McCabe’s debut novel echoes with the Civil War battlefield’s ear-shattering noise and gut-wrenching smells, but its heart is a shining story of enduring love.
In 1862, Jeremiah Wakefield, New York country boy, hears the Union’s call and the lure of an enlistment bonus that will finance a farm. Friends too are eager to join the 97th New York Volunteers. Rosetta Edwards will have none of it. Rosetta may be a tomboy and her father’s farmhand, but she’s shared kisses and promises with Jeremiah. If he’s intent on soldiering, they’ll marry first. They wed and enjoy a few weeks of housekeeping in a cabin. It’s there that Jeremiah stumbles over Rosetta’s rock-hard stubbornness, a quality that later inspires her to chop her hair, dress in men’s clothing and become "Ross Stone." Rosetta passes a "you’ll do" physical and lands in Jeremiah’s unit, telling her stunned husband, "I signed on for this and there ain’t a thing I have ever been made to feel proud of in my life but the doing of a job that needs doing." Sketching a hardscrabble portrait of subsistence farm life, McCabe portrays Rosetta brilliantly—think True Grit’s Mattie Ross—as she narrates her story with energy, self-perception, courage and unremitting love for Jeremiah.

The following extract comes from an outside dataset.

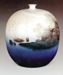 江西高級(jí)工藝美術(shù)師解強(qiáng)的“故鄉(xiāng)的云小口圓瓶”

McCabe’s thorough research lends verisimilitude to army life, all cook fires, salt pork, hardtack, thin blankets and marches into terror. McCabe’s descriptions of battle’s chaos and mayhem—"I just want to walk into that water, any water, and wash myself clean, my clothes and all, letting the blood and everything swirl away"—is reminiscent of Crane’s The Red Badge of Courage. Rosetta echoes the period perfectly, playing off against gender expectations in letters home and in conversations with the company commander’s wife, the first to suspect her disguise, and with Will, a gentle, religious boy confused about his sexuality.
Based on often overlooked history, McCabe offers an extraordinary novel, one creating a memorable character through which we relive our national cataclysm.